=== Begin Enclosure ===
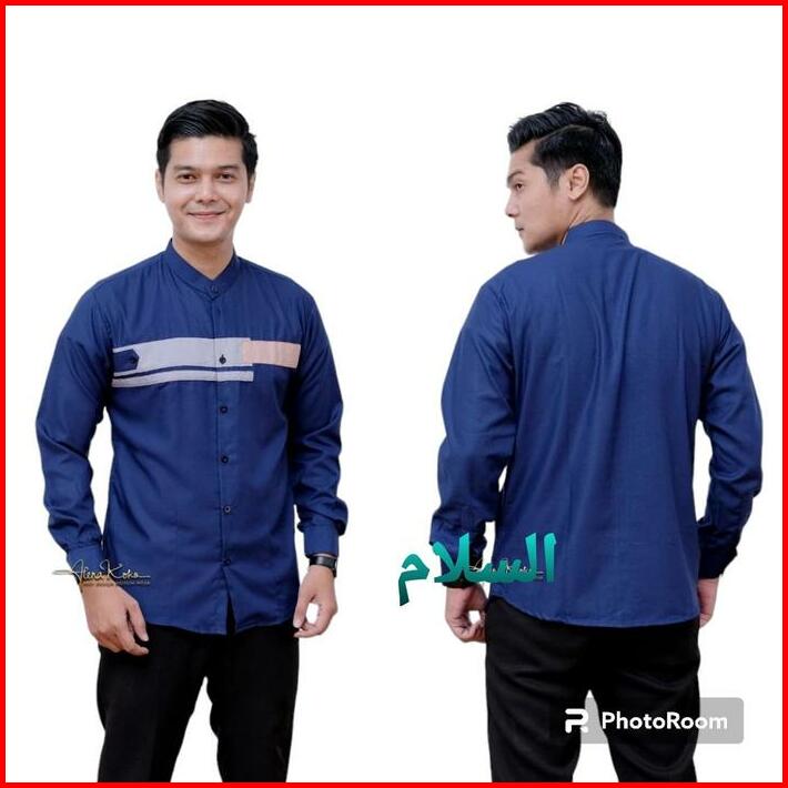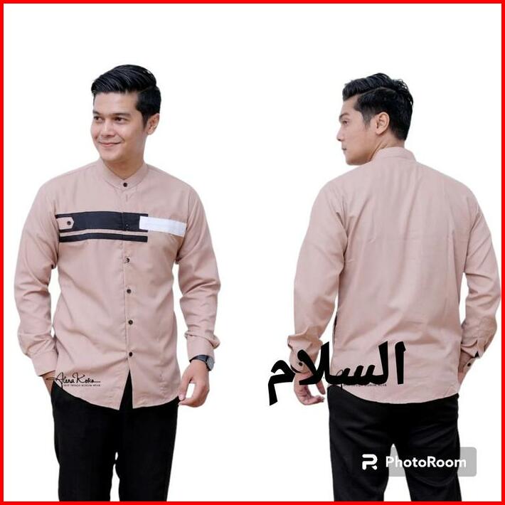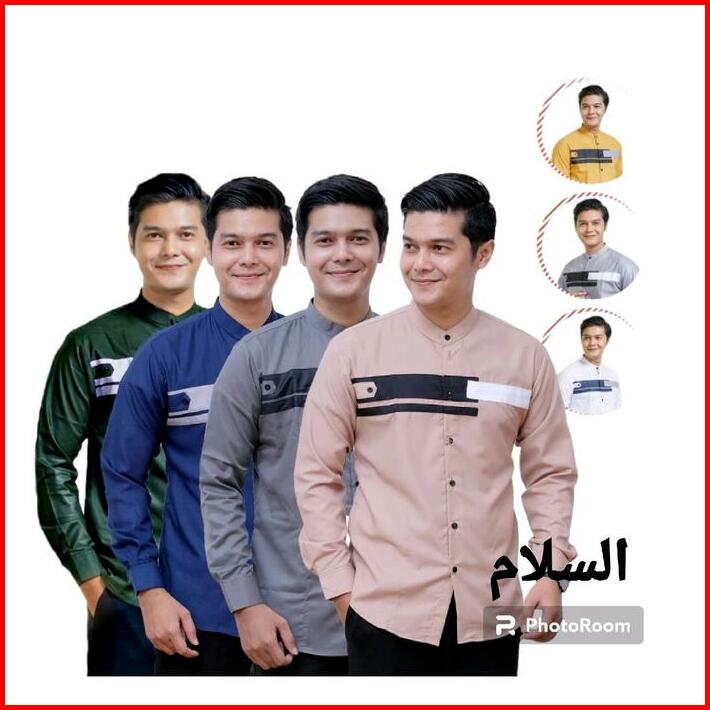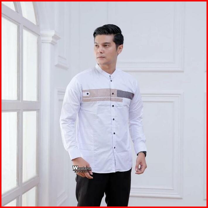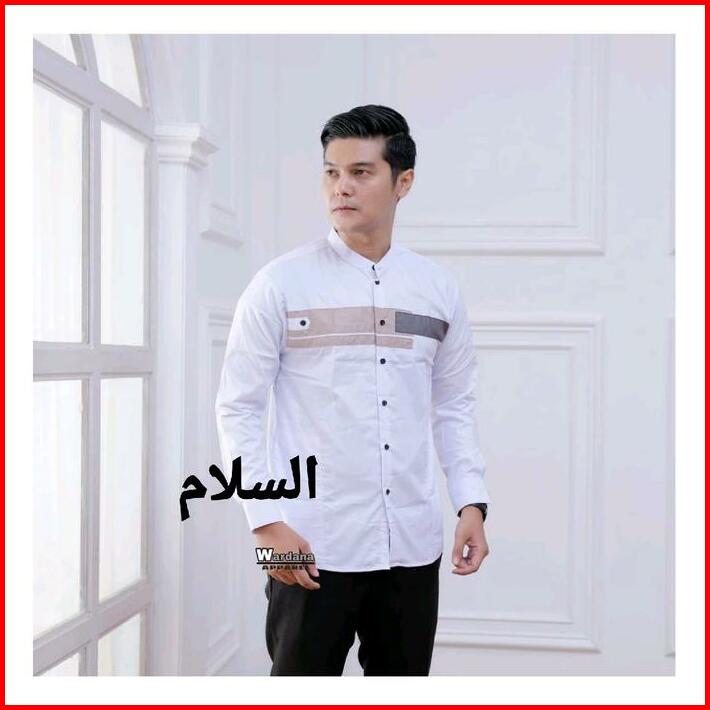 Baju Koko Kurta Hadroh Lengan Panjang Motif Yordan Kemko Muslim Pria Terbaru Putih Katun Dewasa As Salam
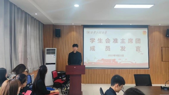 首先,任子瑜就今年换届大会做了简要介绍。随后,员工组织主席团成员分别对于上一学年的情况进行了总结汇报。接着,新一届主席团成员分别就今年工作计划进行表态发言。
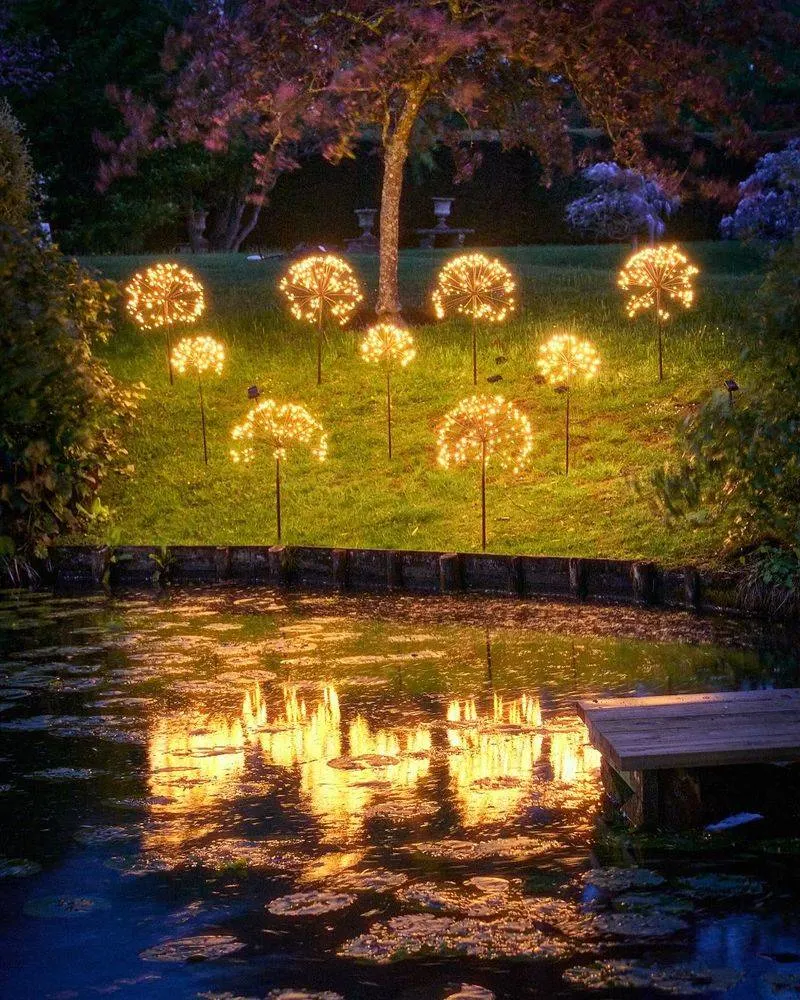 Floating lily pads with LED lights offer a unique twist on water features. Placed in a pond, they softly illuminate the water, creating captivating reflections at night. These lily pads are not only beautiful but add an enchanting glow that enhances the peaceful atmosphere of your garden’s water elements.
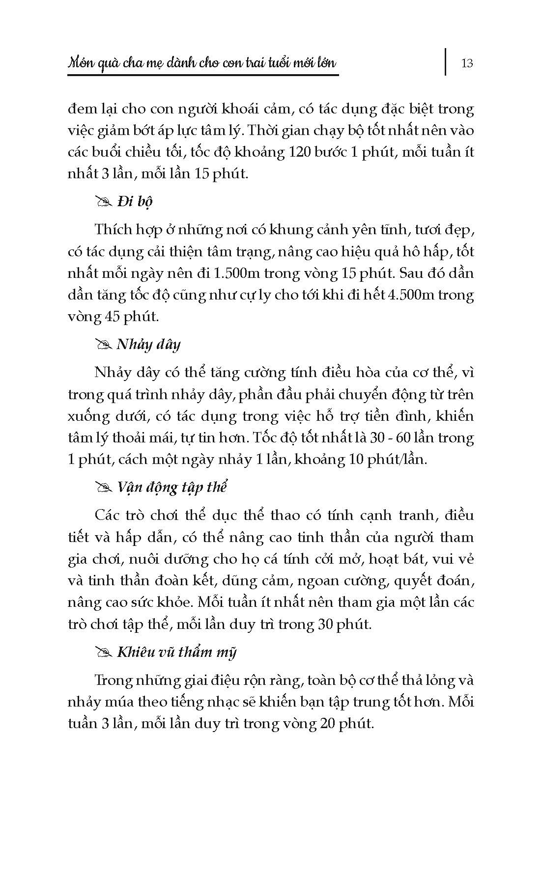 "Món quà cha mẹ dành cho con trai tuổi mới lớn" là cuốn sách không thể thiếu cho hành trình trưởng thành của các bạn trai. Cuốn sách cung cấp những kiến thức khoa học, dễ hiểu và thiết thực về các vấn đề mà các bạn trai thường gặp phải như: sức khỏe sinh lý, tâm lý, giới tính, kết bạn, giao tiếp… của các bạn trai tuổi dậy thì; giúp các cậu trai trẻ vượt qua những biến đổi tâm lý và sinh lí trong thời kỳ dậy thì.
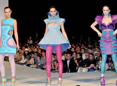 התקיימה השנה דווקא בנמל תל אביב, כחלק מחגיגות מאה השנים לעיר. בתצוגה השתתפו 18 בוגרים צעירים שהתמקדו בעיקר במשחקי נפחים ובשילובי חומרים לא שגרתיים בעיצוב. המראות היו גרנדיוזיים ויצירתיים ופחות מיועדים ללבישה. אנחנו בחרנו את חמשת הבוגרים המוצלחים ביותר בעינינו, אתם מוזמנים לצפות בווידאו ולהתרשם בעצמכם.
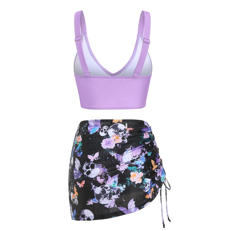 【Bathing Suit with Skirt】 This Gothic swimsuit will be a must-have on your vacay wardrobe. The set is made of a twisted pad top, high waist bottoms and skirt printed with skull butterfly print for a chic look.
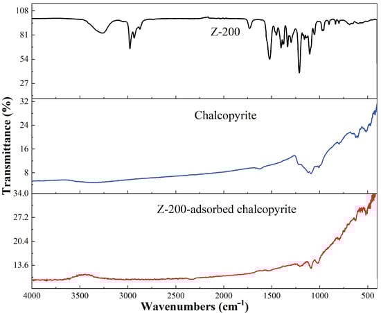 The FTIR spectra of Z-200, chalcopyrite, and Z-200-adsorbed chalcopyrite.
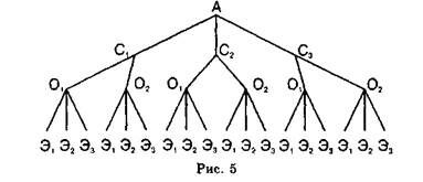 Из концов последних отрезков проведем еще три отрезка с концами Э1, Э2, Э3, которые указывают на назначение в группу одного из трех экспертов. Изображенную на рисунке схему и называют деревом. Всякий путь вдоль ветвей этого дерева от его вершины А к какой-либо вершине Э1, Э2 или Э3 изображает состав одной из оперативных групп. Например, путь АС2О1Э3 изображает оперативную группу, в которую включены следователь С2, оперативник О1 и эксперт Э3.
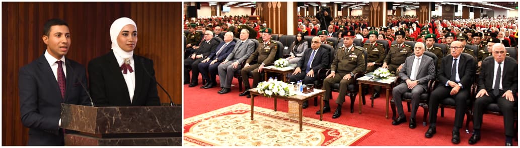 كما ألقى الفريق أشرف سالم زاهر مدير الأكاديمية العسكرية المصرية كلمة قدم خلالها التهنئة للخريجين متمنياً لهم التوفيق فى حياتهم العملية , مشيراً إلى حرص الأكاديمية على توفير كافة السبل لتخريج أجيال من شباب مصر الواعد مسلح بالعلم والإنضباط والوطنية قادر على العطاء فى مختلف قطاعات الدولة، واختتمت المراسم بتبادل الدروع وتكريم أوائل الخريجين.
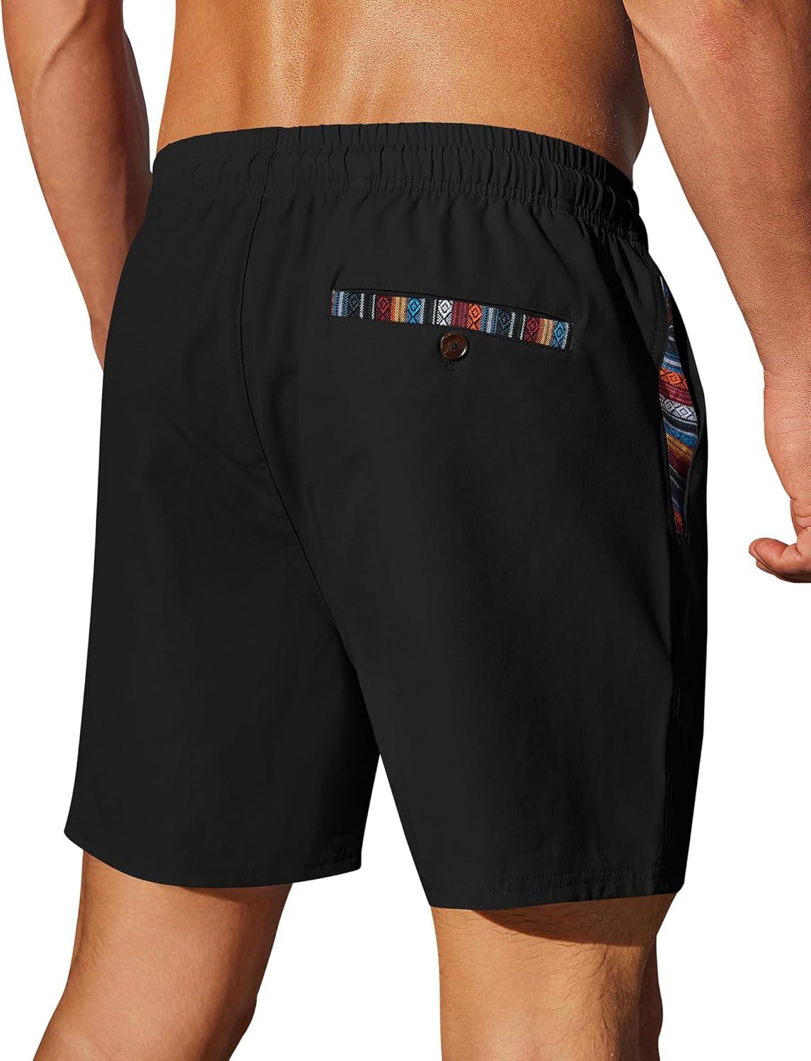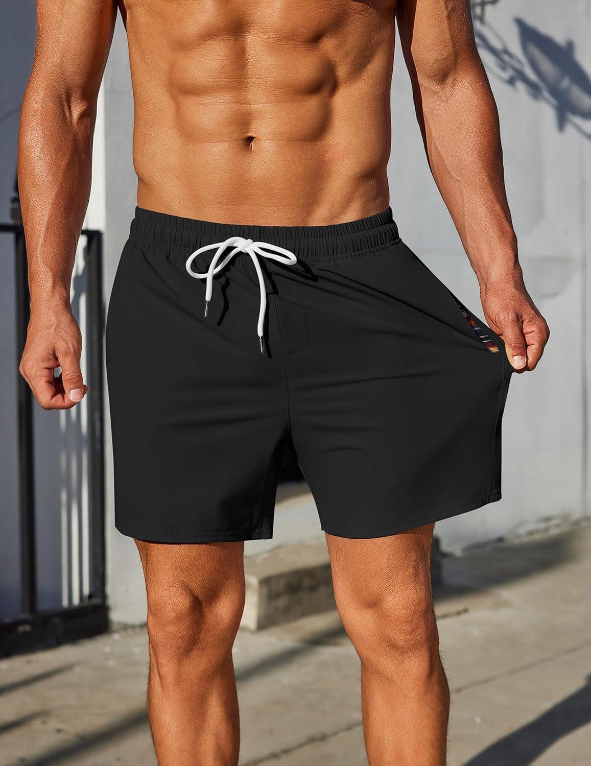 COOFANDY Mens Casual Shorts 5" Elastic Drawstring Shorts Summer Beach Athletic Shorts(Black)
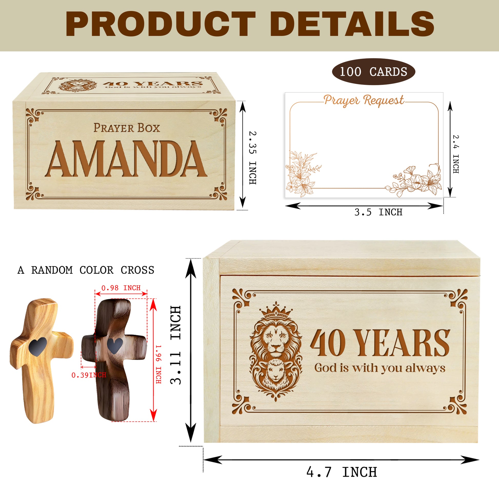 Netecom Personalized Birthday Prayer Box 40 Years with Custom Name, Christian Faith Gift with Wooden Cross & 100 Prayer Request Cards, Meaningful 40th Birthday Gift
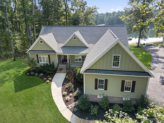 Find home with this lakefront estate in Central Powhatan, where every detail has been meticulously crafted for ultimate comfort & style. This home features a private dock, inviting you to jump right in or easily put your boat in. The outdoor living spaces are perfect for year-round entertaining, featuring an outdoor kitchen, waterfront fire pit, & a dedicated hot tub pad, all set against the backdrop of breathtaking lake views. Step inside to discover an expansive first floor, highlighted by grand primary suite that serves as a personal retreat. The suite includes a custom-designed closet system and a spa-inspired bathroom with both soaking tub & walk-in shower. Two additional bedrooms on this level ensure ample space for family and guests. Each additional bedroom has their fair share of amenities and share a spacious bathroom. The three-season room, accessible from the living area, is designed for year-round enjoyment with added insulation beneath the deck for ultimate comfort. The chef’s kitchen is a masterpiece of design and functionality, featuring newly added custom cabinetry, a wine cooler, a generous island with barstool seating, & a pot filler above the smooth top electric range. Additional conveniences include a wall oven, wall microwave, and a newly added custom pantry. The eat-in kitchen offers a stunning waterfront view, perfect for savoring meals while enjoying the serene surroundings. The heart of the home is the living room, where a stunning floor-to-ceiling brick wood-burning fireplace serves as a focal point. Tall ceilings enhance the space and invite an abundance of natural light, beautifully complementing the lake views. The open layout seamlessly connects to a dining area. Upstairs, the theatre room provides an exceptional space for leisure & entertainment, complete with its own full bath & storage closet. Complete with a paved driveway and detached garage & 3 car attached garage, this home combines elegant design with modern amenities to create a truly exceptional waterfront sanctuary.
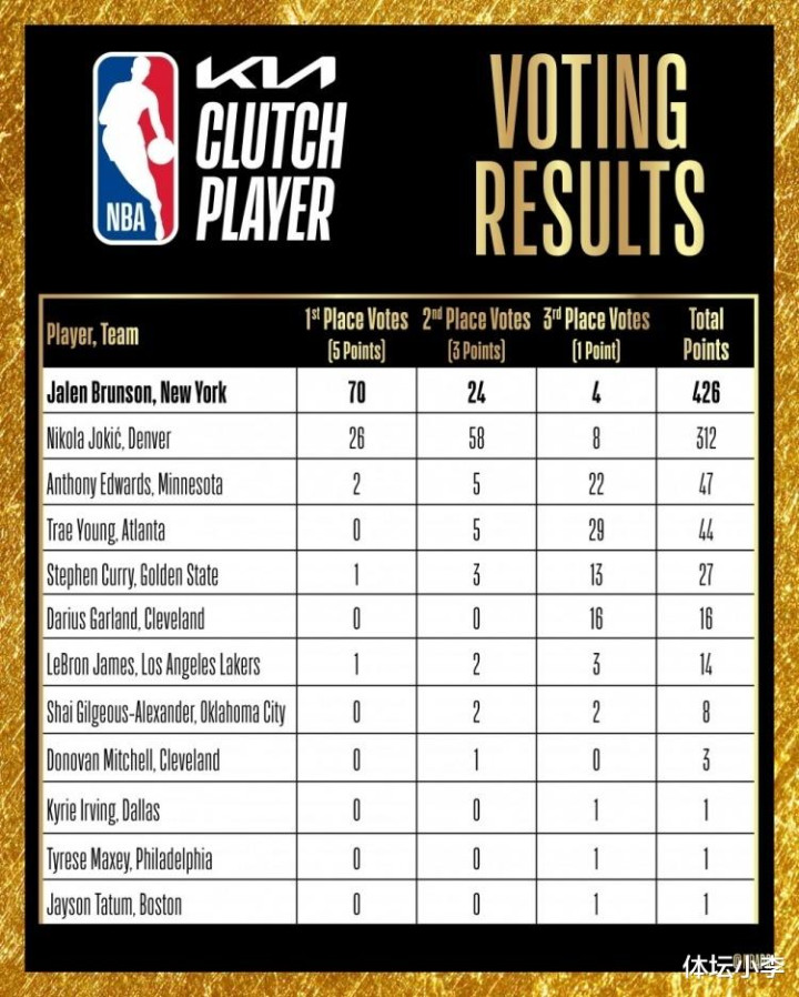 在这当中,布伦森击败了约基奇和爱德华兹,他获得了70张第一选票,24张第二选票,4张第三选票,总得分426分。而在投票当中,詹姆斯也获得了1张第一选票,也是得到了认可,库里也有1张第一选票,无缘季后赛的特雷杨得到5张第二选票,29张第三选票。
=== End Enclosure ===
- [WORK ITEM]: Restate the whole listing above exactly, please, omitting every image.

- [TASK ANSWER]:
 Baju Koko Kurta Hadroh Lengan Panjang Motif Yordan Kemko Muslim Pria Terbaru Putih Katun Dewasa As Salam
 首先,任子瑜就今年换届大会做了简要介绍。随后,员工组织主席团成员分别对于上一学年的情况进行了总结汇报。接着,新一届主席团成员分别就今年工作计划进行表态发言。
 Floating lily pads with LED lights offer a unique twist on water features. Placed in a pond, they softly illuminate the water, creating captivating reflections at night. These lily pads are not only beautiful but add an enchanting glow that enhances the peaceful atmosphere of your garden’s water elements.
 "Món quà cha mẹ dành cho con trai tuổi mới lớn" là cuốn sách không thể thiếu cho hành trình trưởng thành của các bạn trai. Cuốn sách cung cấp những kiến thức khoa học, dễ hiểu và thiết thực về các vấn đề mà các bạn trai thường gặp phải như: sức khỏe sinh lý, tâm lý, giới tính, kết bạn, giao tiếp… của các bạn trai tuổi dậy thì; giúp các cậu trai trẻ vượt qua những biến đổi tâm lý và sinh lí trong thời kỳ dậy thì.
 התקיימה השנה דווקא בנמל תל אביב, כחלק מחגיגות מאה השנים לעיר. בתצוגה השתתפו 18 בוגרים צעירים שהתמקדו בעיקר במשחקי נפחים ובשילובי חומרים לא שגרתיים בעיצוב. המראות היו גרנדיוזיים ויצירתיים ופחות מיועדים ללבישה. אנחנו בחרנו את חמשת הבוגרים המוצלחים ביותר בעינינו, אתם מוזמנים לצפות בווידאו ולהתרשם בעצמכם.
 【Bathing Suit with Skirt】 This Gothic swimsuit will be a must-have on your vacay wardrobe. The set is made of a twisted pad top, high waist bottoms and skirt printed with skull butterfly print for a chic look.
 The FTIR spectra of Z-200, chalcopyrite, and Z-200-adsorbed chalcopyrite.
 Из концов последних отрезков проведем еще три отрезка с концами Э1, Э2, Э3, которые указывают на назначение в группу одного из трех экспертов. Изображенную на рисунке схему и называют деревом. Всякий путь вдоль ветвей этого дерева от его вершины А к какой-либо вершине Э1, Э2 или Э3 изображает состав одной из оперативных групп. Например, путь АС2О1Э3 изображает оперативную группу, в которую включены следователь С2, оперативник О1 и эксперт Э3.
 كما ألقى الفريق أشرف سالم زاهر مدير الأكاديمية العسكرية المصرية كلمة قدم خلالها التهنئة للخريجين متمنياً لهم التوفيق فى حياتهم العملية , مشيراً إلى حرص الأكاديمية على توفير كافة السبل لتخريج أجيال من شباب مصر الواعد مسلح بالعلم والإنضباط والوطنية قادر على العطاء فى مختلف قطاعات الدولة، واختتمت المراسم بتبادل الدروع وتكريم أوائل الخريجين.
 COOFANDY Mens Casual Shorts 5" Elastic Drawstring Shorts Summer Beach Athletic Shorts(Black)
 Netecom Personalized Birthday Prayer Box 40 Years with Custom Name, Christian Faith Gift with Wooden Cross & 100 Prayer Request Cards, Meaningful 40th Birthday Gift
 Find home with this lakefront estate in Central Powhatan, where every detail has been meticulously crafted for ultimate comfort & style. This home features a private dock, inviting you to jump right in or easily put your boat in. The outdoor living spaces are perfect for year-round entertaining, featuring an outdoor kitchen, waterfront fire pit, & a dedicated hot tub pad, all set against the backdrop of breathtaking lake views. Step inside to discover an expansive first floor, highlighted by grand primary suite that serves as a personal retreat. The suite includes a custom-designed closet system and a spa-inspired bathroom with both soaking tub & walk-in shower. Two additional bedrooms on this level ensure ample space for family and guests. Each additional bedroom has their fair share of amenities and share a spacious bathroom. The three-season room, accessible from the living area, is designed for year-round enjoyment with added insulation beneath the deck for ultimate comfort. The chef’s kitchen is a masterpiece of design and functionality, featuring newly added custom cabinetry, a wine cooler, a generous island with barstool seating, & a pot filler above the smooth top electric range. Additional conveniences include a wall oven, wall microwave, and a newly added custom pantry. The eat-in kitchen offers a stunning waterfront view, perfect for savoring meals while enjoying the serene surroundings. The heart of the home is the living room, where a stunning floor-to-ceiling brick wood-burning fireplace serves as a focal point. Tall ceilings enhance the space and invite an abundance of natural light, beautifully complementing the lake views. The open layout seamlessly connects to a dining area. Upstairs, the theatre room provides an exceptional space for leisure & entertainment, complete with its own full bath & storage closet. Complete with a paved driveway and detached garage & 3 car attached garage, this home combines elegant design with modern amenities to create a truly exceptional waterfront sanctuary.
 在这当中,布伦森击败了约基奇和爱德华兹,他获得了70张第一选票,24张第二选票,4张第三选票,总得分426分。而在投票当中,詹姆斯也获得了1张第一选票,也是得到了认可,库里也有1张第一选票,无缘季后赛的特雷杨得到5张第二选票,29张第三选票。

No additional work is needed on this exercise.